Brak żywej wiary w Jezusa Chrystusa u ludzi, a nawet u rzekomych chrześcijan jest powodem opłakanego stanu rzeczy na świecie. Wszyscy pragną pokoju i szczęścia, a swe pragnienia opierają na słabych i zwodniczych ludzkich zdobyczach, a nie na mocy Bożej i na głoszonych przez Chrystusa zasadach sprawiedliwości prawdy i miłości Boga nade wszystko, a bliźniego jak siebie samego. Lud Boży ma inne źródło pokoju i szczęścia; ma innych przyjaciół, inne radości, nadzieje i perspektywy. Posiadający żywą wiarę w Chrystusa i Boskie obietnice są bogatymi, bez względu na ich zewnętrzne warunki, gdyż ich dług grzechu został opłacony; są bogaci w zapewnieniu Słowa Bożego, że ich obecne doświadczenia pod nadzorem Boskiej mądrości służą ich najwyższemu dobru.

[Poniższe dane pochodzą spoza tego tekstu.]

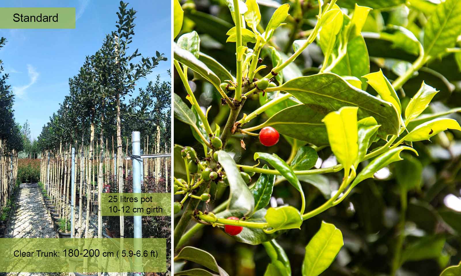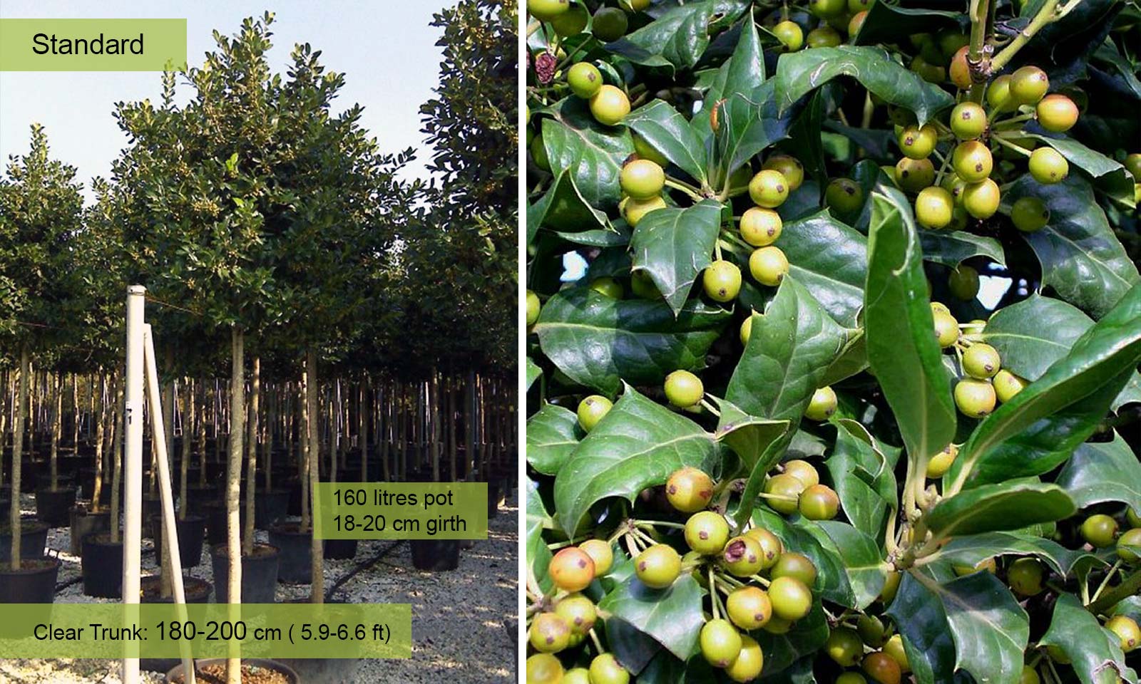Girth 20-25 cm: 230 litre pot, clear trunk – 180-200 cm (5.9-6.6 ft), crown – 60-80 cm (2.0-2.6 ft);
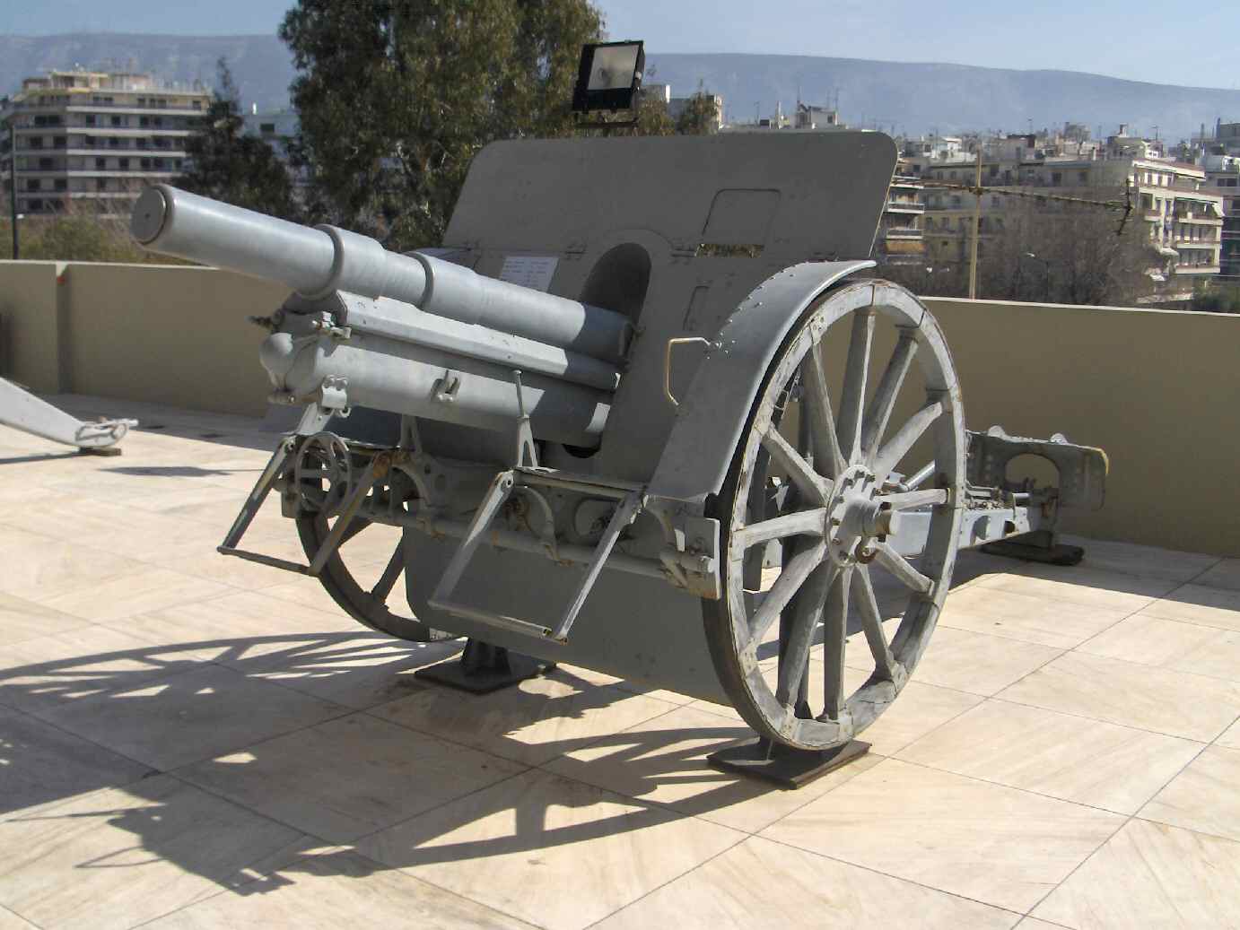 After the end of WW1, this light howitzer was modified by Austria in order to make it towable by automotive means (with rubber wheels). Czechoslovakia also kept this weapon with a significant elongation of the barrel in order to improve its range and used it until 1945 as one of its standard weapons. This post WW1 version named 10cm M14/19 FH was also exported in numerous countries including Greece and Poland.
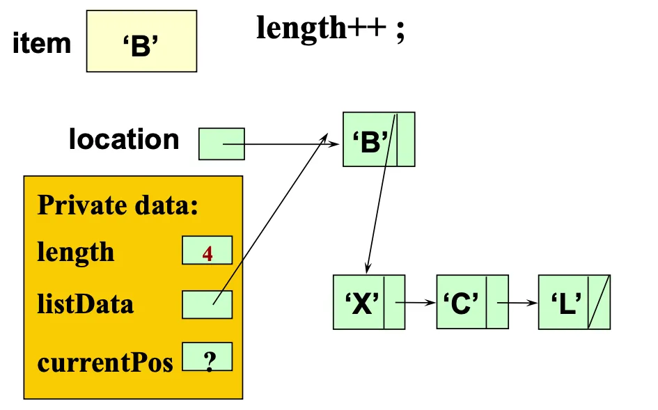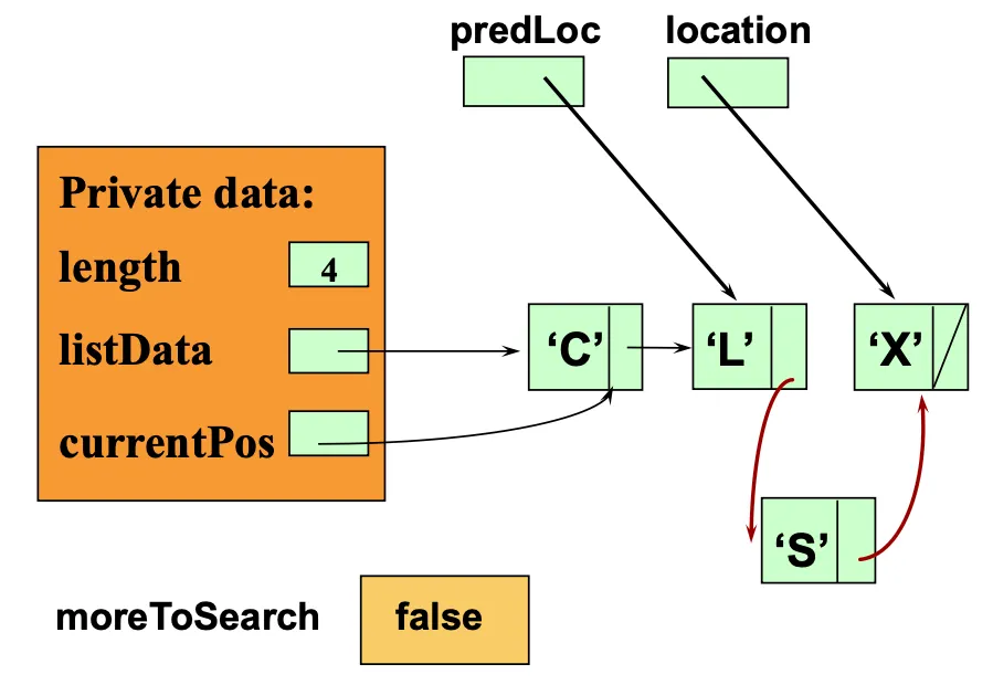 solution: predLoc과 location의 두 개의 포인터를 사용해서 새 element를 삽입할 위치를 찾는다.
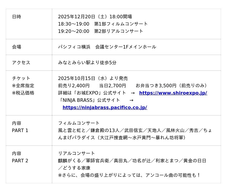 これに合わせて「NINJA BRASSとお忍びの姫君」によるコンサートが、12月12日(金)に国立京都国際会館、12月20日(土)にパシフィコ横浜・会議センター メインホールで開催されます。
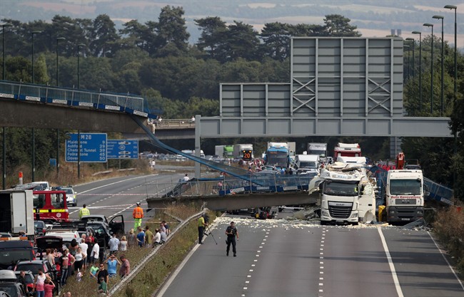 Witnesses say a truck hauling construction vehicles appeared to clip the bridge Saturday on the London-bound M20 highway 30 miles (48 kilometres) southeast of the British capital.
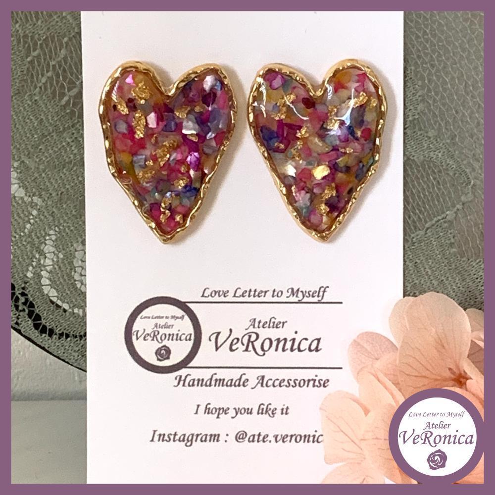 ハートのバカンスピアス ハンドメイド ゴールド レジン ハート シェル ピアス ハンドメイド ベロニカ
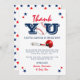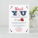 Una moderna tarjeta de agradecimiento para una ducha de bebé con temática de béisbol, con un fondo blanco clásico, una moderna tigrafía azul marino y roja, un béisbol, estrellas, un casco con bate y bola y una ducha deportiva de agradecimiento fácil de personalizar.
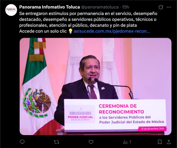- https://apocaliptic.com/estado-de-mexico/2025/12/18/reconocen-a-264-integrantes-del-poder-judicial-del-estado-de-mexico-por-su-desempeno-y-trayectoria/
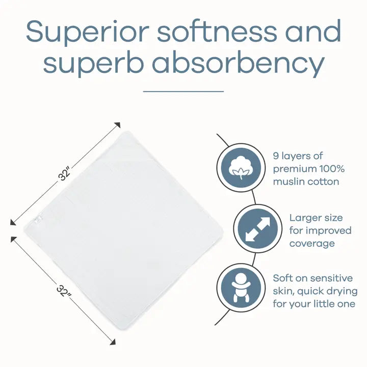 ⚫ Larger Size for Better Coverage – Comfy Cubs muslin cotton hooded towels are a bigger 32” x 32” in size which helps support newborn infants and growing toddlers, so they can enjoy better coverage from their heads to their little bottoms.
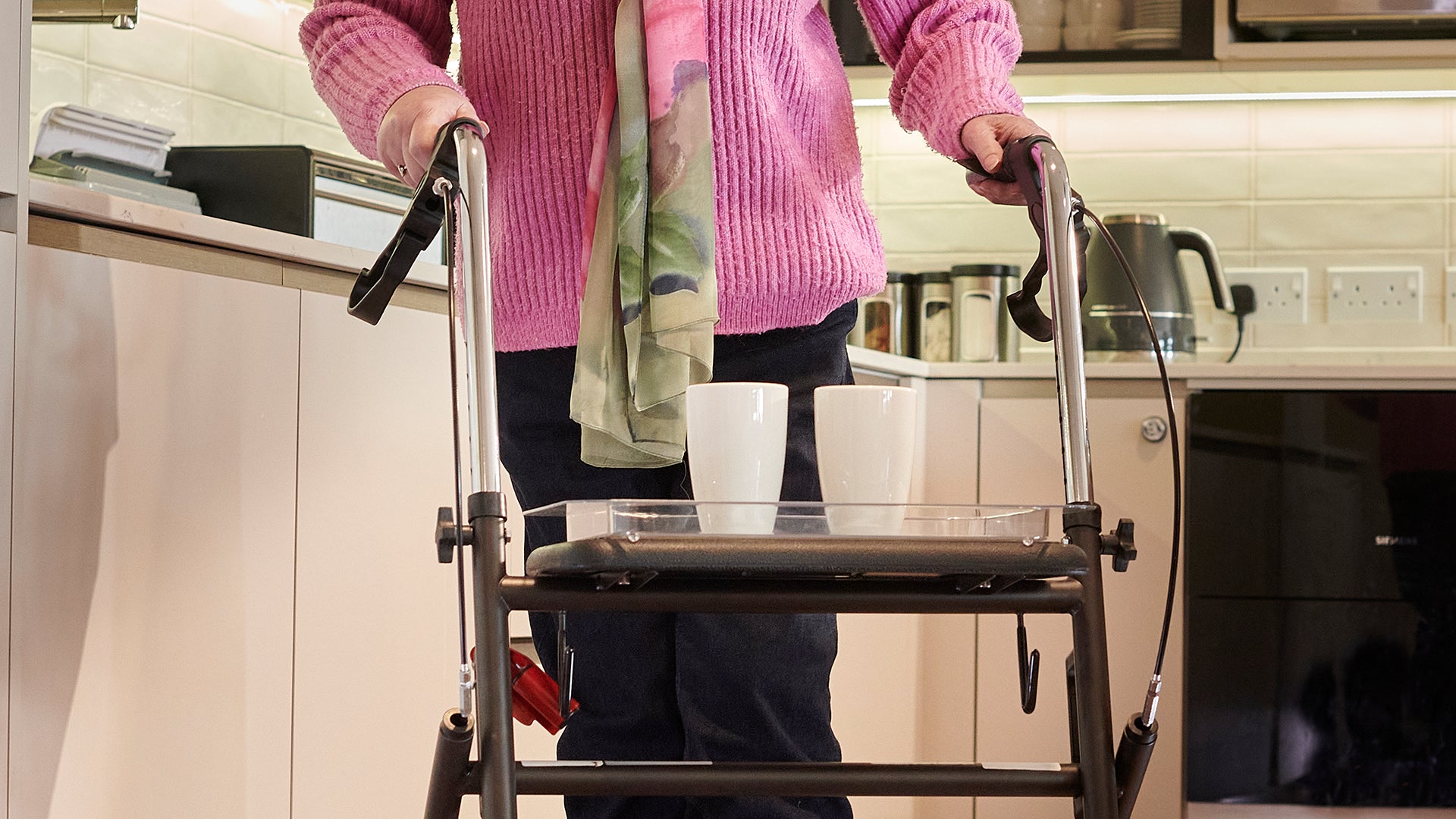 The walker comes equipped with a large shopping basket, a sturdy seat, and a practical tray, making it perfect for errands or resting on the go. Its height-adjustable frame ensures a personalized fit, while the sleek gun metal grey finish adds a modern touch.
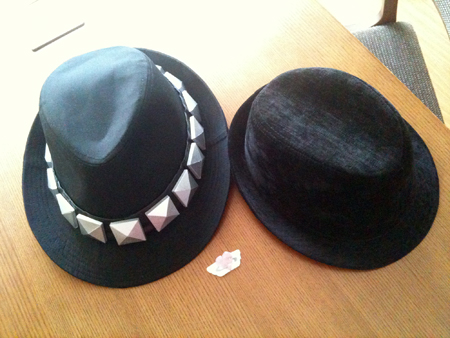 左が完成した帽子。右の一回り小さい帽子は市販されている普通の帽子サイズ。
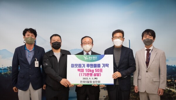 전곡5일장 상인회 기호철 회장은 “코로나19 장기화로 운영에 어려움이 많았지만 회원들의 마음과 정성을 담아 준비한 후원물품으로 관내 소외된 이웃들이 풍성한 한가위를 보내시길 바란다”고 말했다.

Mając takowe zapewnienie i silnie w nie wierząc mogą radować się w obecnych próbach i doświadczeniach, znosząc je z cierpliwością i nadzieją. Bóg ćwiczy swe dzieci i przysposabia je do przyszłego dzieła i do chwały, przeto uciski, które kiedyś mogłyby nas zgnieść, obecnie uważamy je za bardzo lekkie i krótkotrwałe, które, gdy znosimy cierpliwie, nader wielką nagrodę i chwałę nam sprawują (2 Kor. 4:17). Nie patrzymy na przemijające rzeczy widzialne, ale na te, które są niewidzialne i wieczne. Tym sposobem na podobieństwo Mojżesza w starożytności (on ,,jakoby widział niewidzialnego” pomocnika we wszystkich swoich uciskach – Hebr. 11:27), wszystko przyjmujemy z wdzięcznością, rozumiejąc, że otrzymujemy od Boga więcej łask i błogosławieństw, aniżeli zasługujemy. Jeżeli w czymkolwiek cierpimy braki, zdajemy sobie sprawą z tego, że we wszystkich wiekach wierni byli pouczani, aby „cierpieli zło jako dobrzy żołnierze Jezusa Chrystusa” (2 Tym. 2:3), i że nasz drogi Zbawiciel i Jego zacni apostołowie obrawszy tą drogę wierności i prawdy, znosili różne braki – pragnienie, głód, niedostatki, utraty przyjaciół, itp. Chociaż sami byli ubodzy, wielu ubogacali prawdziwymi bogactwami łaski Bożej – wielkimi zyskami „pobożności z przestawaniem na swym”, czego świat nie może dać ani wziąć. W jakichkolwiek warunkach znajdujemy się, słyszymy zapewnienie Słowa Bożego: „Wszystkie rzeczy są wasze, jeżeliście wy Chrystusowi” (2 Kor. 6:10; 1 Tym. 4:6; 1 Kor. 3:22- 23).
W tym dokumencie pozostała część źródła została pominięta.